Every eight hours, she was placed into our hyperbaric oxygen chamber. This exposes them to an oxygen-rich environment under pressure. This delivers oxygen to the surgery site and can reduce swelling. While in the chamber, Wrigley didn’t struggle to breathe, as the oxygen permeated her tissues. But, shortly after emerging, her struggles would resume.
It was a huge, heartbreaking, weight on us all — Wrigley’s owners, her vet, me (Bianucci) and my staff — to watch this brave little kitten struggle for breath. Her condition was not improving and her trachea remained seriously narrowed.
On Saturday afternoon, it appeared that the fight was over. I was called by the ICU doctor to come immediately to the ward. As I arrived, I was told that her breathing had significantly worsened. As I examined her, she went rigid. Her pupils became fixed and dilated and she stopped breathing. Her heart quickly stopped beating and I decided that to perform CPR again, with no way to immediately correct the underlying issue, would just prolong her suffering.
I called her owner, and then her vet with the sad news. As I hung up the phone, our ICU doctor rushed into my office, “Dr. B, we didn’t do CPR. We just moved her and she suddenly took a breath, and her heart started beating spontaneously.”

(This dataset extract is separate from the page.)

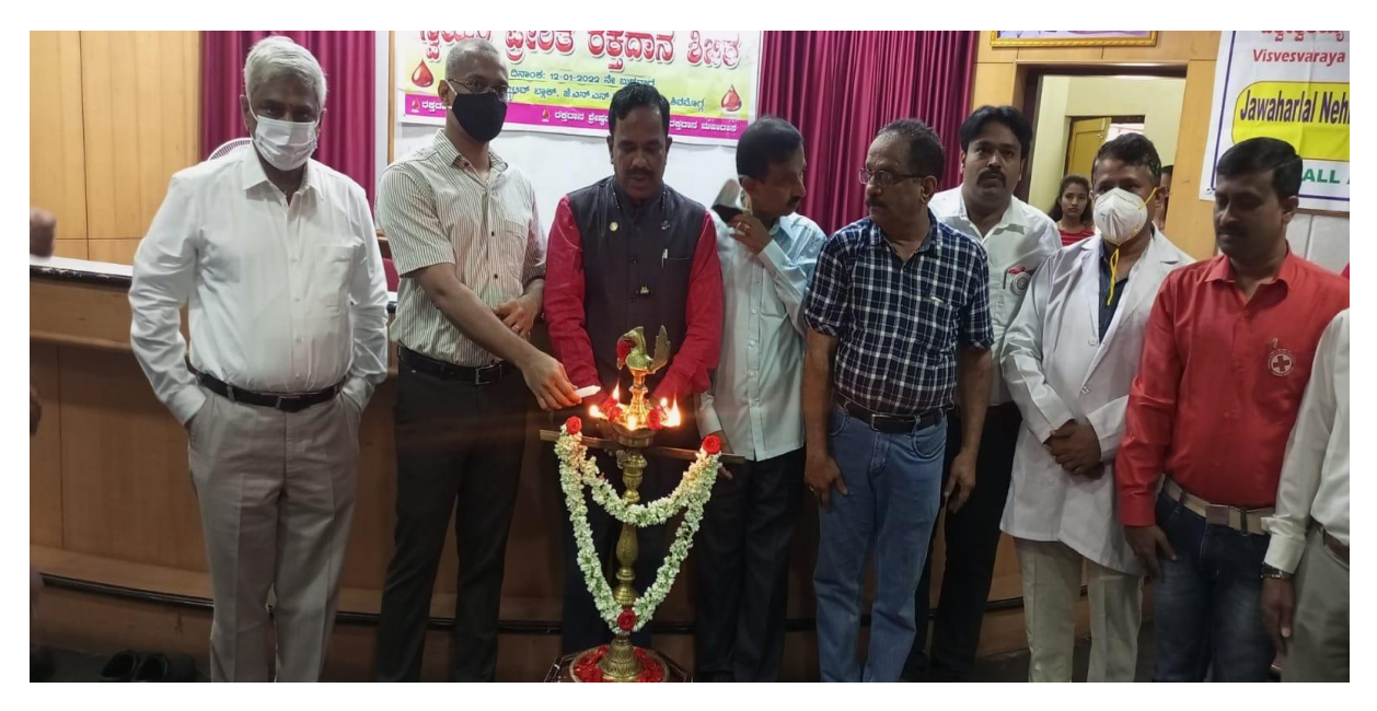
Mega Blood Donation and Health Check-up camp held on 12/01/2022.

Then my phone rang. It was the front desk, “Dr. B, Wrigley’s owners are here.” Their expressions were resolute, sad, but accepting. Then I had to tell them that their cat was still with us, or more accurately, had returned to us. The funny thing was, her owners were not shocked. The mom said, “See she’s a fighter, she’s not ready to go”
I dreaded calling her vet about the resurrection, but he was similarly nonplussed, recounting his experience reviving her.
We decided to give it another day. Back into hyperbaric oxygen she went, but there was no improvement. I could not sleep that night. I kept waking up and thinking of that little fighter struggling for each breath. I went to the clinic Sunday morning and examined her.
Still struggling, looking worn out, I repeated an X-ray. No change. I gazed at the film and that horrible narrowing and considered options. There was only one thing that would help, a stent.
Stents are basically wire mesh cylinders that are placed in a collapsing trachea to support it from inside.
The problem is that they are expensive and we could not have one delivered for another 48 hours. Wrigley didn’t have that long. I pored through our supplies and the best I could find was a stent made to open a human bile duct. The size was about right and it was our only shot.
I discussed it with the owners and expressed that we had to try the stent. If it failed, we had to let her go, but she could not go on like this. They agreed. I consulted with my associate surgeons, Drs. Lori Ludwig and Mike Schlicksup, and with the assistance of the latter, deployed the stent. It was perfect, at least as perfect as we could have hoped. Wrigley’s breathing capacity was immediately restored. By that evening, she was eating, walking and purring. Two days later, she was home.
Wrigley has a ways to go before she is out of the woods, so it’s too soon to proclaim success. But, what I love about this story is the energy and teamwork that went into it and the way no one, including the patient, was willing to give up. It was this collection of wills and efforts, each inspiring the other, that resulted in this improbable outcome.
It would have been completely reasonable to stop at any of a number of rough spots along the way. But prayers, persistence and fighting spirits gave us not only a wonderful result but an enriching experience.